**What to produce**.
Once you find the line with "平和公園での平和集会は、オンラインで学校とつなぎ、在校生も参加しました。" in the entries below, print it and each line after it up to and including the line with "แผนภาพที่ ๑ ลักษณะภูมิประเทศบริเวณบางกะเจ้า", exactly, without pictures.

**Dataset excerpts**.

◆ ◆ ◆

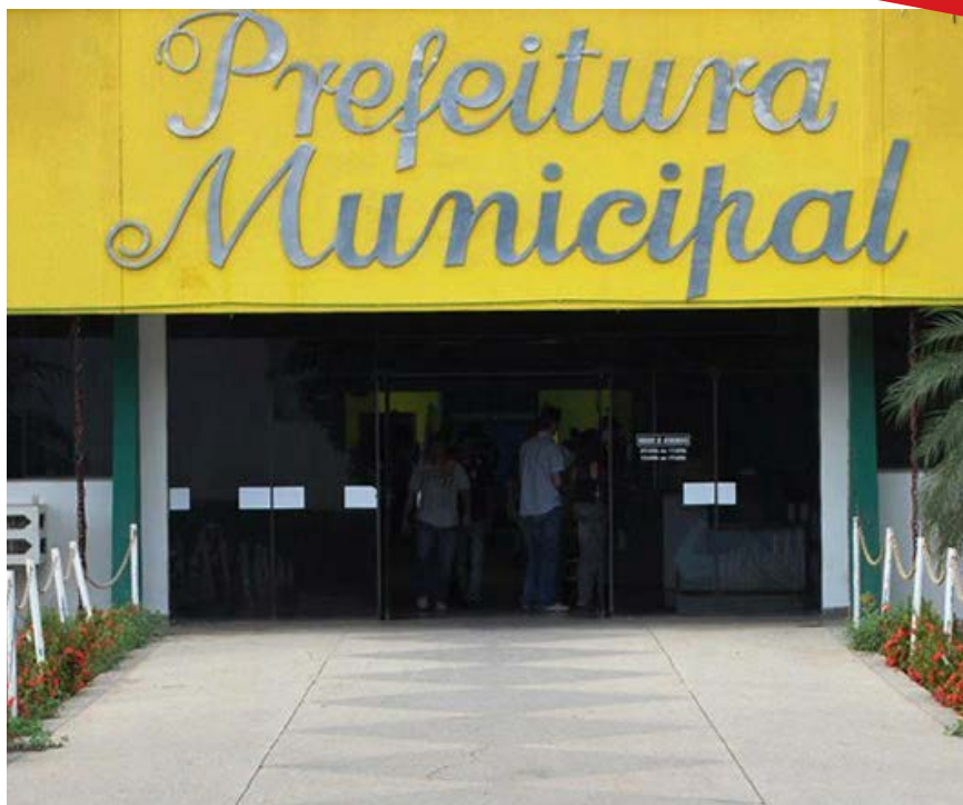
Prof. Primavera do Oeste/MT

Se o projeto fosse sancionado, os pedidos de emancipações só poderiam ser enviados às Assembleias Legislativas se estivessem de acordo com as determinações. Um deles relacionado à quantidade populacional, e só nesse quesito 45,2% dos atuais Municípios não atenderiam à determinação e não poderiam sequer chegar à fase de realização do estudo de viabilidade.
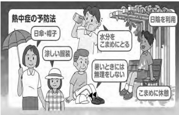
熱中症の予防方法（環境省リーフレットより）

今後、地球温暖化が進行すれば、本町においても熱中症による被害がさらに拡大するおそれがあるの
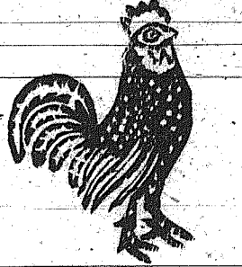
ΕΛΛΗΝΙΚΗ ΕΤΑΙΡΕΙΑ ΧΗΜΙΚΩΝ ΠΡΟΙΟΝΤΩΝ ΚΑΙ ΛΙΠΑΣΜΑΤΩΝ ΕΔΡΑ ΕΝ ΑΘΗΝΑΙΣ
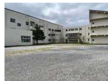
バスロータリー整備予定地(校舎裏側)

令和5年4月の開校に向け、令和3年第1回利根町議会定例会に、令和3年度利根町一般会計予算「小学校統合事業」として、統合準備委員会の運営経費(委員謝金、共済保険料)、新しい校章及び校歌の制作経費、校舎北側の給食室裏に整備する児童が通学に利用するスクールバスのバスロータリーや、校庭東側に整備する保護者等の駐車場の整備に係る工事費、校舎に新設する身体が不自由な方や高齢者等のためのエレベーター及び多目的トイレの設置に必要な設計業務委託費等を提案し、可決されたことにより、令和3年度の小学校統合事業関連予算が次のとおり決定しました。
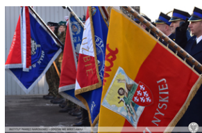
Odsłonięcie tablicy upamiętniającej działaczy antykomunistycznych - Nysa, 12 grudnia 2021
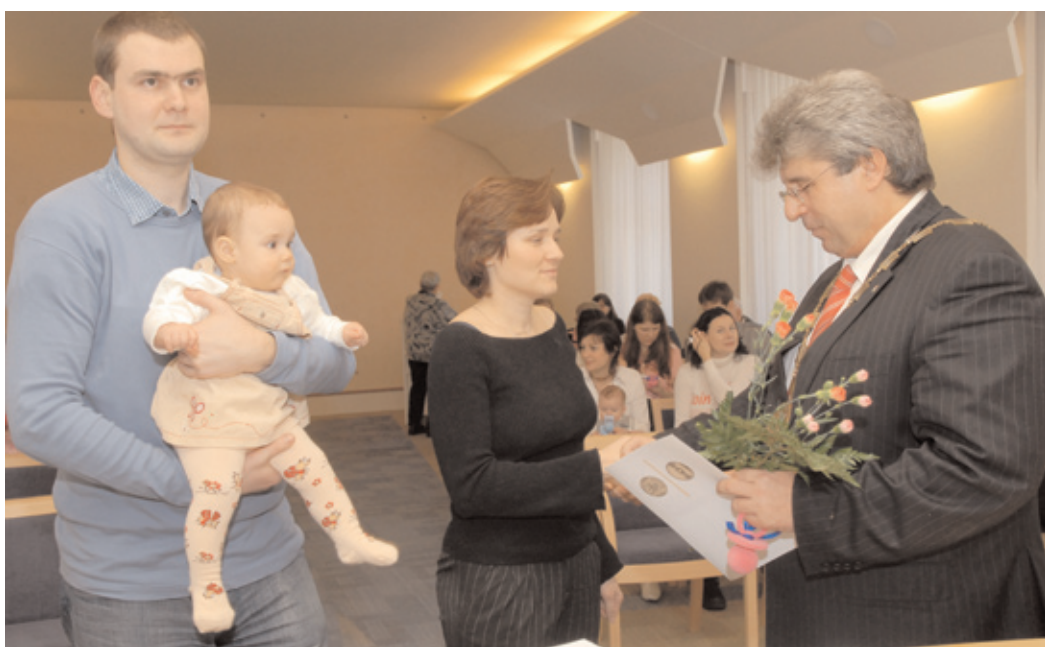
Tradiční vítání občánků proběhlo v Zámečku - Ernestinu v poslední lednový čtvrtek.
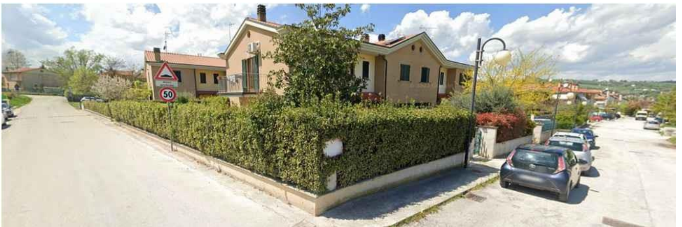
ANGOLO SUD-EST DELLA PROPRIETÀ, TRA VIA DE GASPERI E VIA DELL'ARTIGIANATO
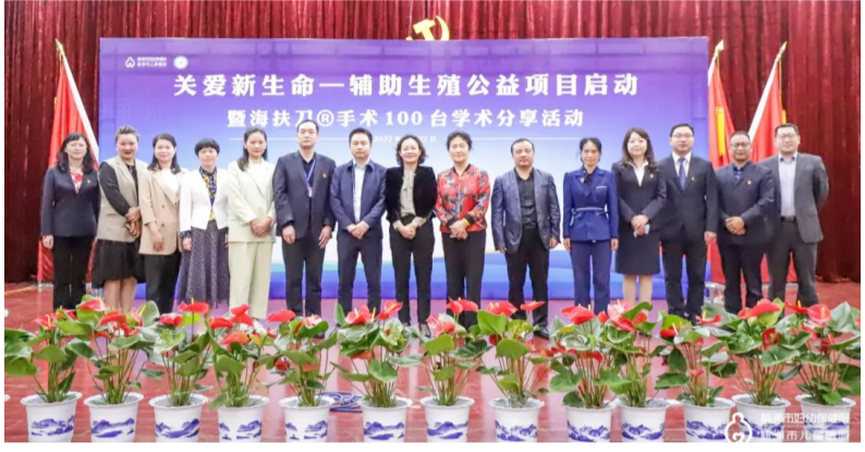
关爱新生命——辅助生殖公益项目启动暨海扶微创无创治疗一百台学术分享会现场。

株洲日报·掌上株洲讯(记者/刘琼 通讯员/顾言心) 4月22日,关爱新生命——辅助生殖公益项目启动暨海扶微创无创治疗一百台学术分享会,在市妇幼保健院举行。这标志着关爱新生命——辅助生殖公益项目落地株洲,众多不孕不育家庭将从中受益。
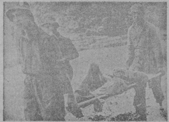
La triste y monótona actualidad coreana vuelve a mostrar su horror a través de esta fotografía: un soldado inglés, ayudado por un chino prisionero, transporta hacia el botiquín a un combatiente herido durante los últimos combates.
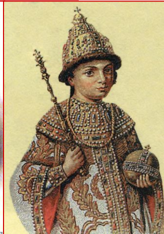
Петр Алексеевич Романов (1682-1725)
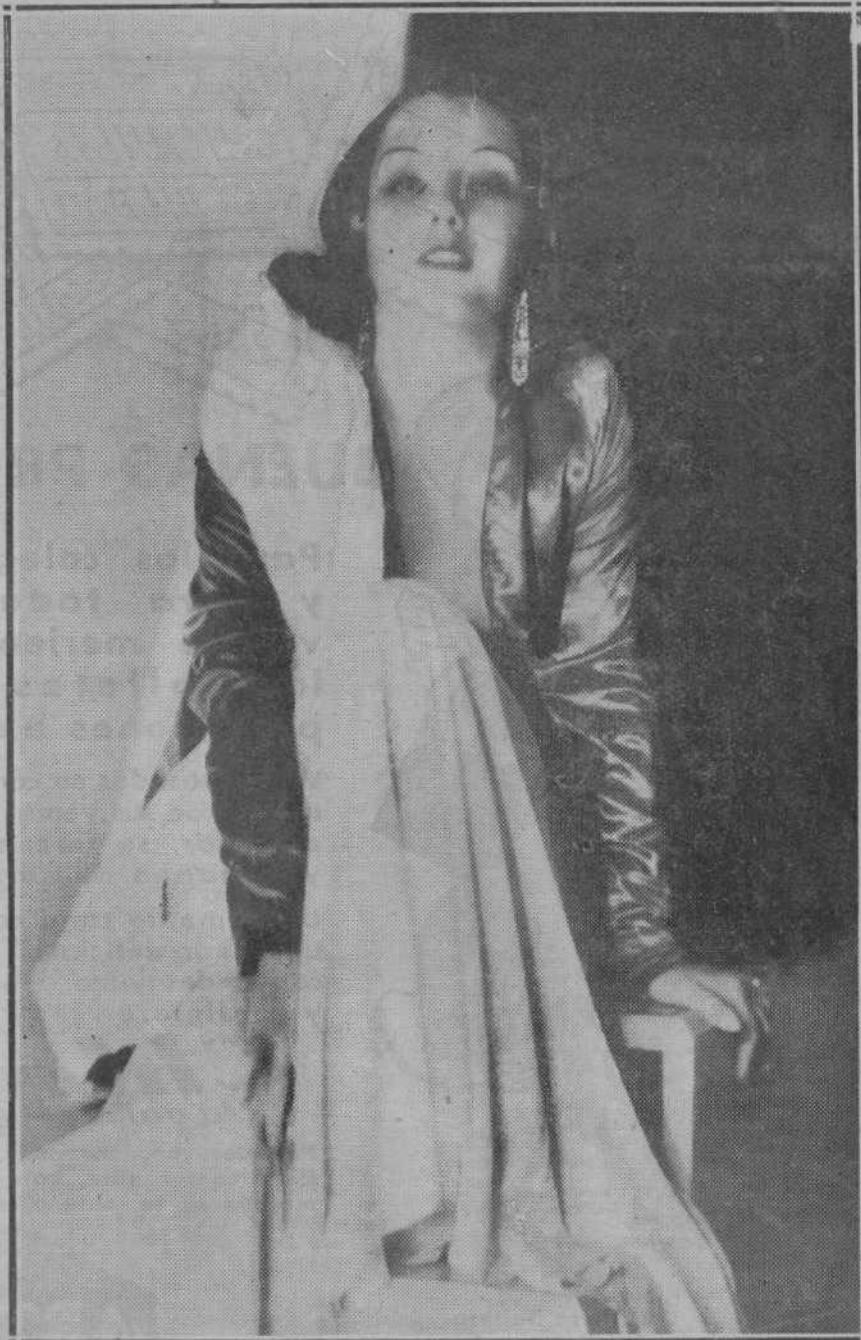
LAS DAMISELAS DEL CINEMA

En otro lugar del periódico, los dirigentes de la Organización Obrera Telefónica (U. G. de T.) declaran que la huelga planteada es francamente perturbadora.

◆ ◆ ◆

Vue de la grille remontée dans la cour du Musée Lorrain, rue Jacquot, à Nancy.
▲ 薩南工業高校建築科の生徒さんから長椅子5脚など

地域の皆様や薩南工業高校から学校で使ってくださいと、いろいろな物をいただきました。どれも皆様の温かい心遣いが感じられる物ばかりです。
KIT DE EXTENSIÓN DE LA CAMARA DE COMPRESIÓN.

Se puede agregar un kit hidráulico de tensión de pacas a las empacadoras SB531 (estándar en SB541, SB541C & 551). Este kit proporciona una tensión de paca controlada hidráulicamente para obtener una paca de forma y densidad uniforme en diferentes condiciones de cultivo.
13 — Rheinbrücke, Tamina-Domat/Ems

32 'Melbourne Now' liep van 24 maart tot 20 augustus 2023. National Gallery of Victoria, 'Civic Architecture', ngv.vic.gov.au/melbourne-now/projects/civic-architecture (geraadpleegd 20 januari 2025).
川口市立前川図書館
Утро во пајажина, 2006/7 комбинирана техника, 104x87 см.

◆ ◆ ◆

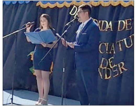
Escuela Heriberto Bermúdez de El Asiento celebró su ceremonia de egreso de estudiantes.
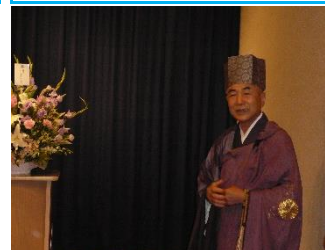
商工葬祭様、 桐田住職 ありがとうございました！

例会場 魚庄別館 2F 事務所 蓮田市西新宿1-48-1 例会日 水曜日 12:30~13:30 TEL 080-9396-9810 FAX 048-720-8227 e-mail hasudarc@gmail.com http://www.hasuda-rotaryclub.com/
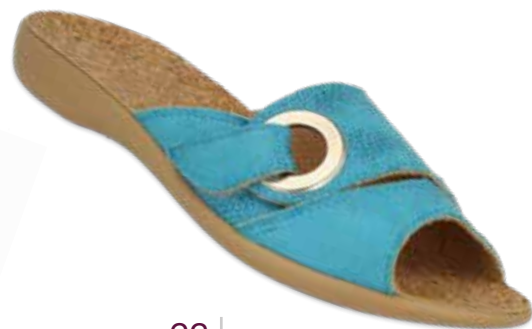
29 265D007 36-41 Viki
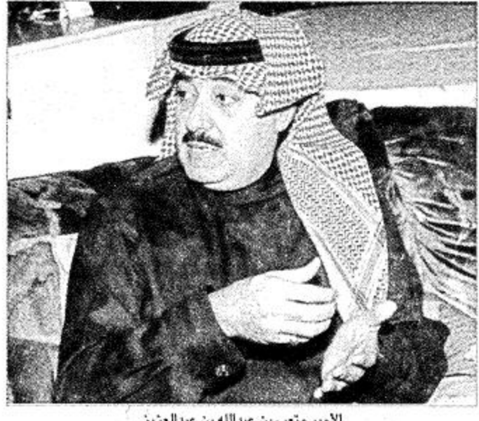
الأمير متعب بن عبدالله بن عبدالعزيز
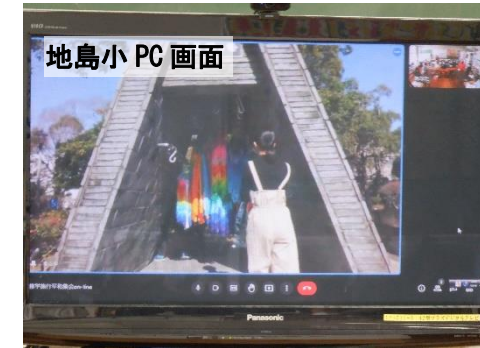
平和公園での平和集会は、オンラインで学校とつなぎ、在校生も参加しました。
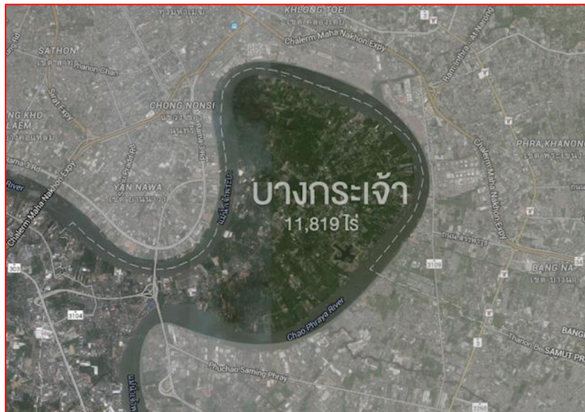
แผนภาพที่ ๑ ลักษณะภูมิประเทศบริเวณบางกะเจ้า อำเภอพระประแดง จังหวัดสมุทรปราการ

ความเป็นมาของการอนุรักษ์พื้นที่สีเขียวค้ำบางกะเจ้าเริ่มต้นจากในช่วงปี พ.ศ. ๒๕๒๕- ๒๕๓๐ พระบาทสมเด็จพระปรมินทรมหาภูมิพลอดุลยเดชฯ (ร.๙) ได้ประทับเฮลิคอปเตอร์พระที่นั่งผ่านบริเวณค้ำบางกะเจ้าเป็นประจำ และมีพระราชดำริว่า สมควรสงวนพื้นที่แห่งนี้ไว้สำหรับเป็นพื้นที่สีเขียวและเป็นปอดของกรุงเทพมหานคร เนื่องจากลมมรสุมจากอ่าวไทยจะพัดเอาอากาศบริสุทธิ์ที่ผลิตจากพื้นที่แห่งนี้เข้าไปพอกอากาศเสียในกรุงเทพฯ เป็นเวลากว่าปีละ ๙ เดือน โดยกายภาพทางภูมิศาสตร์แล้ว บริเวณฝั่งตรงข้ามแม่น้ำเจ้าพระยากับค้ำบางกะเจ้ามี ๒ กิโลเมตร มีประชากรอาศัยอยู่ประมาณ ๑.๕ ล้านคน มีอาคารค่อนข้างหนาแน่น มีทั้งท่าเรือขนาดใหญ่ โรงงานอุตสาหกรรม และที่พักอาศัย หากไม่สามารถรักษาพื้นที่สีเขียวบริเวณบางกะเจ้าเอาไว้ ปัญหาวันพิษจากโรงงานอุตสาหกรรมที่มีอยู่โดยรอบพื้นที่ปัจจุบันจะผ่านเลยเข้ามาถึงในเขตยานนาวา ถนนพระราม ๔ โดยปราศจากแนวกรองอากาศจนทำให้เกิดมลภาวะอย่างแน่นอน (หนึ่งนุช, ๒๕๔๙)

◆ ◆ ◆

**Answer for the task**.
平和公園での平和集会は、オンラインで学校とつなぎ、在校生も参加しました。
แผนภาพที่ ๑ ลักษณะภูมิประเทศบริเวณบางกะเจ้า อำเภอพระประแดง จังหวัดสมุทรปราการ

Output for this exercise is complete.